**Data below**
>>

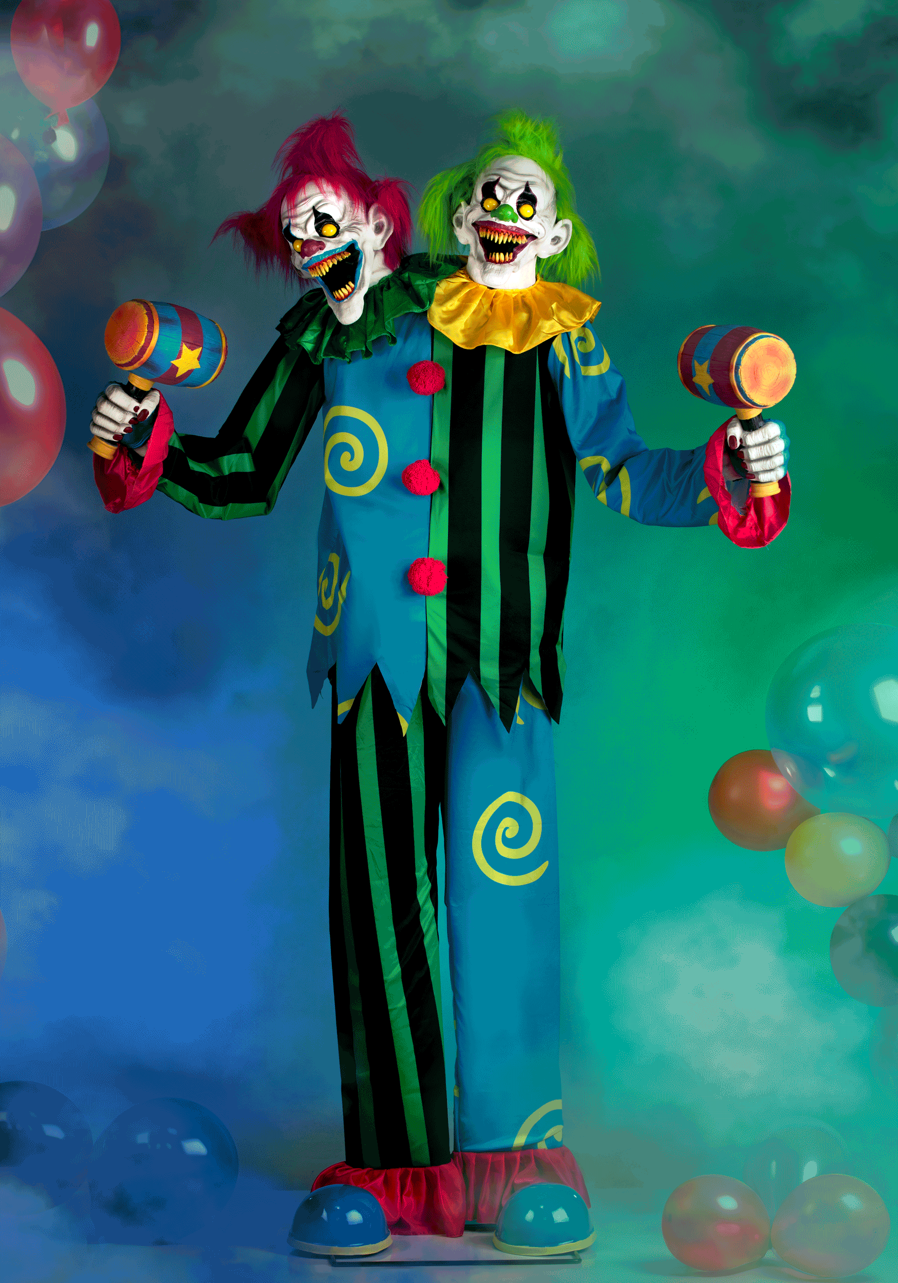 This absolutely terrifying animatronic is shaped into the form of a 2-headed clown. One clown has bright red hair, and the other has bright green hair. Each head has frightening features, like a wide smiling face with menacing teeth, glaring yellow eyes, and classic clown makeup. The figure is wearing clown attire, including an asymmetrical clown outfit, complete with stripes and swirls. Each hand is holding a mallet with fake book splattering on them.
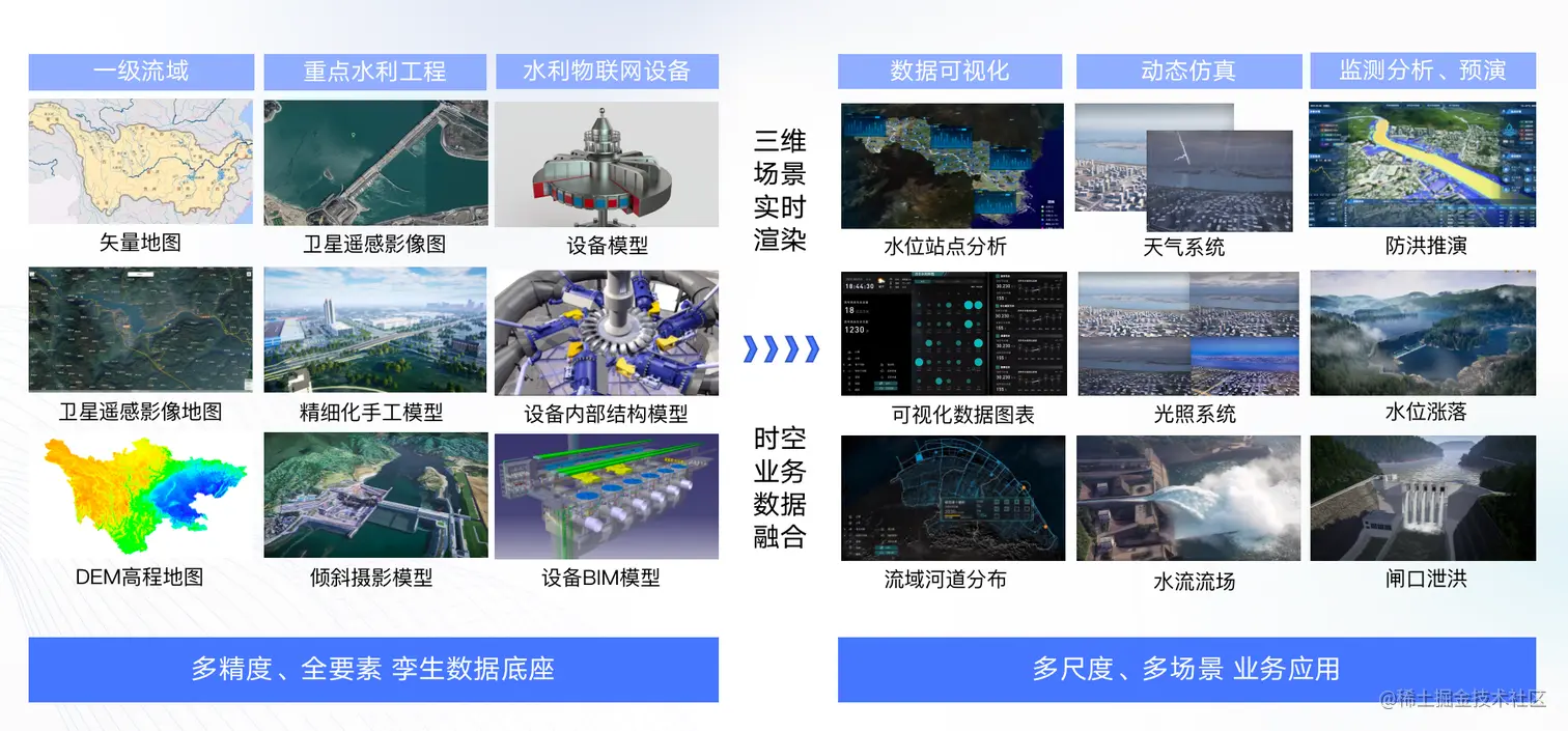 在数字孪生水利解决方案中,数据底板的建设是关键一步。宏观尺度上,需要关注整个流域的全局信息,以“水利一张图”为基础,包括矢量地图数据、卫星遥感影像地图和DEM高程地图数据等。中观尺度上,主要关注重点水利工程所在的某一河段或库区的信息,包括卫星遥感影像图、精细化手工模型数据、倾斜摄影模型数据和高精度DEM数据等。微观尺度上,关注具体的水利工程和设备层面,如水利物联网设备和水库大坝,通过GIS、BIM和物联网技术,实现设备模型的建立和细节展示。
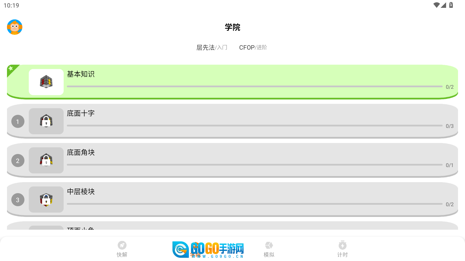打开游戏后,首先看到的是底部四个实用性很强的功能选项,分别是快解、学院、模拟和计时等功能模式。

<<

**Work to complete**
Copy the entire listing exactly but skip the pictures.

**Written solution**
 This absolutely terrifying animatronic is shaped into the form of a 2-headed clown. One clown has bright red hair, and the other has bright green hair. Each head has frightening features, like a wide smiling face with menacing teeth, glaring yellow eyes, and classic clown makeup. The figure is wearing clown attire, including an asymmetrical clown outfit, complete with stripes and swirls. Each hand is holding a mallet with fake book splattering on them.
 在数字孪生水利解决方案中,数据底板的建设是关键一步。宏观尺度上,需要关注整个流域的全局信息,以“水利一张图”为基础,包括矢量地图数据、卫星遥感影像地图和DEM高程地图数据等。中观尺度上,主要关注重点水利工程所在的某一河段或库区的信息,包括卫星遥感影像图、精细化手工模型数据、倾斜摄影模型数据和高精度DEM数据等。微观尺度上,关注具体的水利工程和设备层面,如水利物联网设备和水库大坝,通过GIS、BIM和物联网技术,实现设备模型的建立和细节展示。
打开游戏后,首先看到的是底部四个实用性很强的功能选项,分别是快解、学院、模拟和计时等功能模式。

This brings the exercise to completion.